Physicist Brian Greene’s latest popular science publication, The Hidden Reality, is a departure from his previous works in that domain. Subtitled Parallel Universes and the Deep Laws of the Cosmos, it sure sounds like something the deep-thinking writer of The Elegant Universe and Fabric of the Cosmos would write. But while his first two books serve as excellent primers on modern physics and modern cosmology, respectively, Greene isn’t interested in rehashing all that here.

Don’t get me wrong. For anyone looking to get a firm conceptual grasp on the deep physical laws which (apparently) govern the reality we live in, those titles are exactly where I’ll steer you. But there’s an untapped audience more interested in some of the implications of today’s cutting-edge physics than the details of the theories themselves.

To wit: parallel universes. The concept has spawned sub-genres in both science fiction and fantasy (alternate history and urban fantasy being perhaps the most prominent examples). More broadly speaking, most genre fiction imagines worlds perhaps highly disparate or only slightly tweaked from the one we know so intimately.

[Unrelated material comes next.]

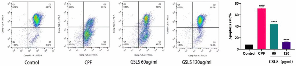 We examined mitochondrial membrane potential to elucidate the mechanism by which CPF exposure induces apoptosis. JC-1 was used as an indicator of Δψm to explore mitochondrial depolarization. As shown in Figure 5, flow cytometry analysis results showed that CPF exposure significantly reduced the red/green fluorescence ratio, indicating that Δψm decreased and mitochondrial depolarization induced apoptosis. Obviously, the red/green fluorescence ratio recovered significantly compared with the GSLS pre-protected group. These results indicated that GSLS saved Δψm, and GSLS could lower mitochondrial dysfunction and effectively inhibit apoptosis induced by CPF exposure.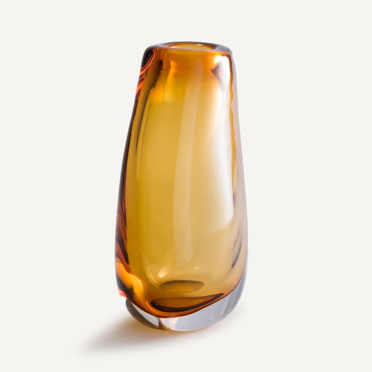 I love this vase because of its warm, amber-toned hand-blown glass that adds a subtle colour touch without overpowering a space. Its versatile shape works equally well in contemporary, minimalist interiors or more eclectic settings, making it a great styling piece for sideboards or coffee tables. For best results, I recommend pairing it with simple, understated flowers or foliage to highlight the beautiful glasswork. It also works well on its own as a sculptural object, so don’t shy away from placing it where it can be appreciated as a standalone statement. Keep the surrounding décor simple to let the tones and craftsmanship shine through.

What makes The Hidden Reality a little more accessible than its written antecedents is its survey nature. Each chapter discusses a different theoretical multiverse, each implied by a different physical theory.

Our own three-dimensions of space and one of time might in fact be something akin to spots growing on the soap bubbles of a higher-dimensional brane, as described in string theory. We might exist in a virtual world, simulated on one of many computers in the “real” universe. We might find countless, infinitesimally-different versions of ourselves living in different quantum realities, endlessly splitting.

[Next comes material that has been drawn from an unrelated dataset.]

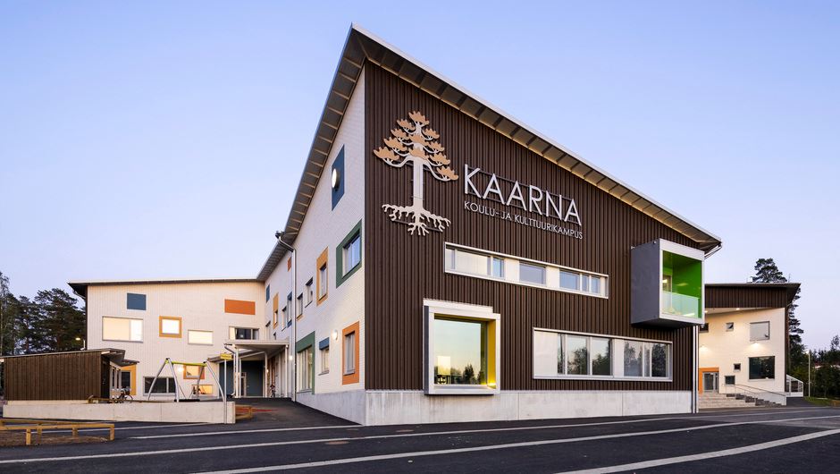 ”Olemme halunneet miettiä oppilaiden koulupäivää kokonaisuutena eli myös sitä, mitä tapahtuu koulutuntien jälkeen. Tässä rakennuksessa kaikki toiminnot ovat saman katon alla. Oppilaiden ei välttämättä tarvitse lähteä rakennuksesta illallakaan, sillä täällä toimii myös paljon järjestöjä ja kolmatta sektoria”, Annala kertoo.

Greene wisely introduces the requisite scientific background only as needed, rather than spending the first third or half of the book slowly building up the edifices of quantum physics, general relativity, and inflationary cosmology.

It’s intriguing to imagine that one or several of these versions of a multiverse may actually exist, in some cases may be discoverable, and, depending on how they come about, may describe very different arrays of parallel realities. The idea of another version of you that is allergic to shrimp is interesting enough, but the concept of different universes with different fundamental constants, different origins and destinies, is fascinating in a different way.

I probably wouldn’t recommend this title to the decidedly casual reader. This is still Brian Greene, technically accurate, cogently argued, but intellectually demanding. But anyone with at least a passing interest in the real science behind other worlds should find The Hidden Reality illuminating.